The snub-nosed craft resembles a shuttle-airplane mashup, and is the latest entrant in a profit-seeking push with staggering potential — and risks — for humans to visit, work or even live in space.
The display of technology like the life-size model “Dream Chaser” ship at the CES tech show in Las Vegas is a sharp signal that the commercial space era is upon us. Experts see a path for companies to power an unprecedented era of rapid advances, but with the near certain peril that space disasters will occur and lives will be lost.
Sierra Space, a subsidiary of private aerospace contractor Sierra Nevada Corp, plans to have the nine-meter “Dream Chaser” flying missions this year, making the reusable spacecraft key to its off-Earth ambitions.
Photo: AFP
“Before governments were the only ones that could do it. Now, it’s getting down to regular human beings who can get a ride to space,” said Neeraj Gupta, the company’s general manager of space destinations.
The craft is meant to carry people and equipment to and from commercial space installations the company envisions building in the next decade, including a system of inflatable structures to house humans in orbit.
Sierra has a deal with NASA for unmanned flights to the International Space Station that are to start this year, and is working with Jeff Bezos’ Blue Origin to develop a commercial outpost off-Earth.
Photo: AFP
“We really see a market opening to take more and more people to space,” Gupta added.
Commercial space efforts have been growing rapidly and captured lots of attention, especially launches of Elon Musk’s SpaceX rockets that have been carrying astronauts for NASA.
Bezos’s own spaceflight last year alternately fascinated fans and outraged critics of the so-called “billionaire space race.”
SPACE RISKS
Yet companies like Sierra are proposing something in addition to tourism — a commercial hub in space that could be used to make products, and a ship that can provide transportation.
A video of their “space plane” shows the unmanned version of the craft cruising back to Earth and landing on a runaway like any other commercial aircraft.
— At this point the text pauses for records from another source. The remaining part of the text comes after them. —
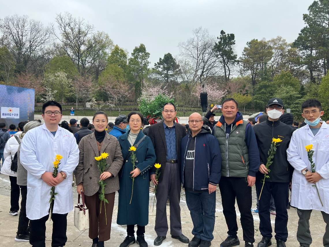 由南京市红十字会主办的“2023年南京市遗体器官捐献者缅怀纪念活动”于2023年3月31日上午在位于南京市西天寺陵园的南京市遗体器官捐献者纪念林举行,今年的缅怀纪念活动主题是生命.遇见,人体解剖学系吕海芹老师和曲德伟老师、形态中心实验室和遗体器官接受站的朱建宝主任、吴菲菲老师、万旗、朱旗参加了现场活动并向遗体器官捐献者纪念碑敬献鲜花。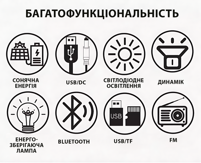 - ✅ Універсальне харчування — працює від акумулятора, мережі або сонячної панелі, що ідеально для використання в будь-яких умовах.
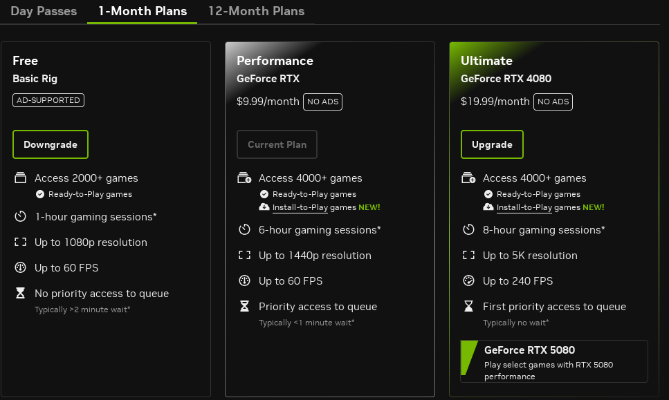 Postoji 3 nivoa usluge: Free, Performance i Ultimate. Svaki paket ima svoja ograničenja. Na primer i najskuplji nalog ne uključuje stalni SSD nego se sačuvane igre gube nakon igre. Postoje ograničenja koliko se dugo može igrati (4/6/8 h) i ograničenje koliko sati mesečni. No, dosta ovoga se može dodatno doplatiti (mesečno): moguće je doplatiti statički SSD gde se čuvaju podaci igre i sačuvane igre (save games). Takođe je moguće doplatiti dodatne sate.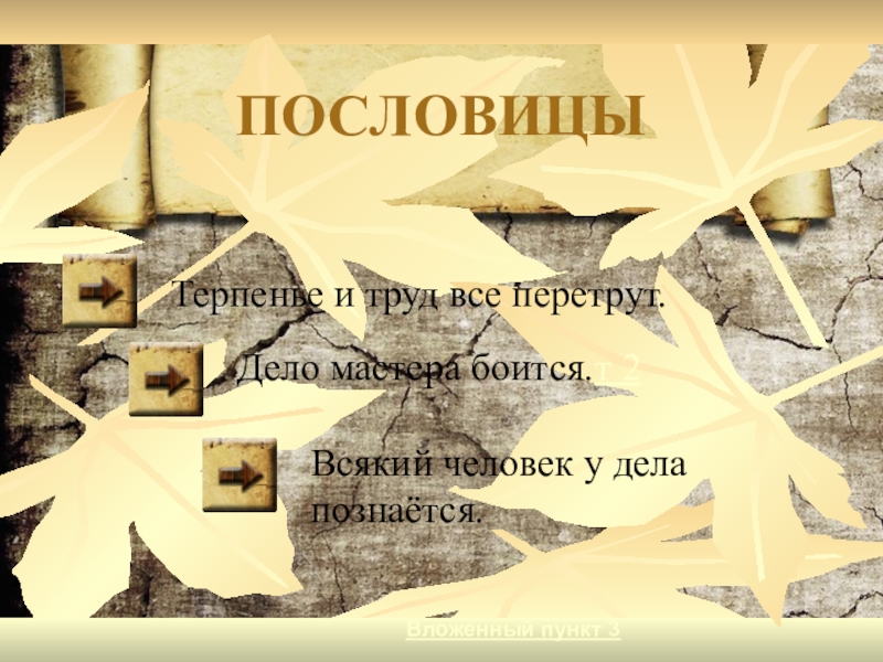 ПОСЛОВИЦЫДело мастера боится.т 2Всякий человек у дела познаётся.Вложенный пункт 3Терпенье и труд все перетрут.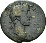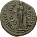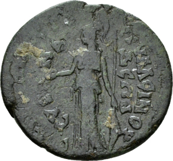Athena standing, left, holding patera, resting arm on shield; beside, spear |

Companies have proposed a series of ideas which until recently sounded like long shots, such as asteroid mining — but they have also suggested less far-fetched biomedical applications or production of some types of technology. Mason Peck, an astronautics professor at Cornell University, said that until the last five years making things in space and bringing them back to Earth just didn’t make sense.
“Now there are companies... who are actually focused on this question: How can I make a buck in space?” he said. “This has never been the way that people articulate the benefits of space. It’s always been something a little bit broader, like the benefit to mankind or humanity or the sake of science,” he added.
But the power of profit has the potential to vastly accelerate efficiency, technological advances and capacity in ways that is not in the slow and purposely deliberate approach of NASA or the European Space Agency.
“It’s pumping more money into the space industry. Technology improves, cost goes down so everybody benefits,” said Mike Gruntman, a professor of astronautics at the University of Southern California.
This would come as NASA has agreements that are part of the agency’s efforts to enable an American-led commercial economy in low-Earth orbit. Yet the prospect of increasing activity in space that could be done by profit-seeking companies carries very real risks.
“There is certainly going to come a time when there will be tragedy and death and destruction as a result of this as there is with everything. There’s car crashes, bridges fail, trains derail,” Peck added. “The next William Shatner we send to space might not make it back... and that will be terrible. But these are not reasons not to do it,” he said referring to the Star Trek star’s trip on a Blue Origin launch.